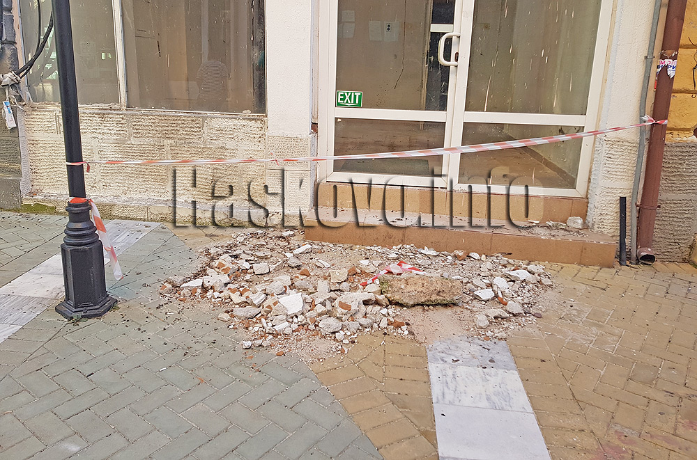 Големи парчета мазилка падат от няколко месеца от общинската сграда. В района има много търговски обекти и потокът от хора е голям. Хасковлии искат по-сериозни мерки за обезопасяване, защото под поставените ленти минават деца и е много опасно.
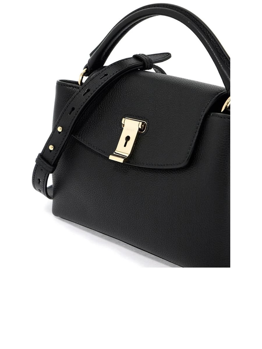 The Layka handbag by Bally, crafted from hammered leather, presents a versatile and refined design. Coming with both a top handle and a supplementary adjustable shoulder strap, it features a Lock Me metal element on the closure. The inside houses two compartments, a zip pocket, as well as additional flat and open pockets, all lined with fabric, and adorned with gold-finished metal accents.
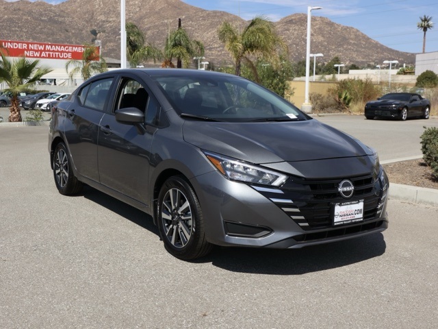 Gun Metallic 2025 Nissan Versa 1.6 SV FWD CVT 1.6L I4 DOHC 16V Automatic Climate Control, Backup Camera.This 2025 Gun Metallic Nissan Versa 1.6 SV FWD is well equipped and includes these features and benefits: Trunk Package (Shopping Bag Hooks and Trunk Net), 16″ Aluminum Alloy Wheels, 4 Speakers, ABS brakes, Air Conditioning, Alloy wheels, Apple CarPlay/Android Auto, Auto High-beam Headlights, Blind Spot Warning, Brake assist, Bumpers: body-color, Carpeted Floor Mats & Trunk Mat (5-Piece Set), Delay-off headlights, Driver door bin, Driver vanity mirror, Dual front impact airbags, Dual front side impact airbags, Electronic Stability Control, Front anti-roll bar, Front Bucket Seats, Front Center Armrest, Front reading lights, Front wheel independent suspension, Fully automatic headlights, Heated door mirrors, Illuminated entry, Knee airbag, Low tire pressure warning, Occupant sensing airbag, Outside temperature display, Overhead airbag, Panic alarm, Passenger door bin, Passenger vanity mirror, Power door mirrors, Power steering, Power windows, Radio data system, Radio: AM/FM Audio System, Rear Parking Sensors, Rear side impact airbag, Rear window defroster, Remote keyless entry, Speed control, Splash Guards, Split folding rear seat, Steering wheel mounted audio controls, Tachometer, Telescoping steering wheel, Tilt steering wheel, Traction control, Trip computer, Upgraded Cloth Seat Trim, and Variably intermittent wipers. 32/40 City/Highway MPGWe have many different makes and models available including a wide selection of cars, trucks, vans, and SUVs. Raceway Nissan in Riverside County has access to thousands of new and used vehicles which means we can find the right vehicle for you and your family. We are proud to serve the city of Riverside, all of the Metro Riverside County area, and the Inland Empire from our location in Moreno Valley. We are conveniently located in Riverside near the cities of San Bernardino, Redlands, Ontario, Corona, Perris, Beaumont, Temecula, Hemet and many others. We offer military discounts and work with many Credit Unions. Price includes: $500 – Nissan Conditional Offer – Military Discount. Exp. 12/01/2025 $750 – Nissan MY25 Versa Bonus Cash (All Markets) – November. Exp. 12/01/2025

++++

* Requirement *
Please copy the data above exactly, omitting the pictures.

* Expected answer *
 Големи парчета мазилка падат от няколко месеца от общинската сграда. В района има много търговски обекти и потокът от хора е голям. Хасковлии искат по-сериозни мерки за обезопасяване, защото под поставените ленти минават деца и е много опасно.
 The Layka handbag by Bally, crafted from hammered leather, presents a versatile and refined design. Coming with both a top handle and a supplementary adjustable shoulder strap, it features a Lock Me metal element on the closure. The inside houses two compartments, a zip pocket, as well as additional flat and open pockets, all lined with fabric, and adorned with gold-finished metal accents.
 Gun Metallic 2025 Nissan Versa 1.6 SV FWD CVT 1.6L I4 DOHC 16V Automatic Climate Control, Backup Camera.This 2025 Gun Metallic Nissan Versa 1.6 SV FWD is well equipped and includes these features and benefits: Trunk Package (Shopping Bag Hooks and Trunk Net), 16″ Aluminum Alloy Wheels, 4 Speakers, ABS brakes, Air Conditioning, Alloy wheels, Apple CarPlay/Android Auto, Auto High-beam Headlights, Blind Spot Warning, Brake assist, Bumpers: body-color, Carpeted Floor Mats & Trunk Mat (5-Piece Set), Delay-off headlights, Driver door bin, Driver vanity mirror, Dual front impact airbags, Dual front side impact airbags, Electronic Stability Control, Front anti-roll bar, Front Bucket Seats, Front Center Armrest, Front reading lights, Front wheel independent suspension, Fully automatic headlights, Heated door mirrors, Illuminated entry, Knee airbag, Low tire pressure warning, Occupant sensing airbag, Outside temperature display, Overhead airbag, Panic alarm, Passenger door bin, Passenger vanity mirror, Power door mirrors, Power steering, Power windows, Radio data system, Radio: AM/FM Audio System, Rear Parking Sensors, Rear side impact airbag, Rear window defroster, Remote keyless entry, Speed control, Splash Guards, Split folding rear seat, Steering wheel mounted audio controls, Tachometer, Telescoping steering wheel, Tilt steering wheel, Traction control, Trip computer, Upgraded Cloth Seat Trim, and Variably intermittent wipers. 32/40 City/Highway MPGWe have many different makes and models available including a wide selection of cars, trucks, vans, and SUVs. Raceway Nissan in Riverside County has access to thousands of new and used vehicles which means we can find the right vehicle for you and your family. We are proud to serve the city of Riverside, all of the Metro Riverside County area, and the Inland Empire from our location in Moreno Valley. We are conveniently located in Riverside near the cities of San Bernardino, Redlands, Ontario, Corona, Perris, Beaumont, Temecula, Hemet and many others. We offer military discounts and work with many Credit Unions. Price includes: $500 – Nissan Conditional Offer – Military Discount. Exp. 12/01/2025 $750 – Nissan MY25 Versa Bonus Cash (All Markets) – November. Exp. 12/01/2025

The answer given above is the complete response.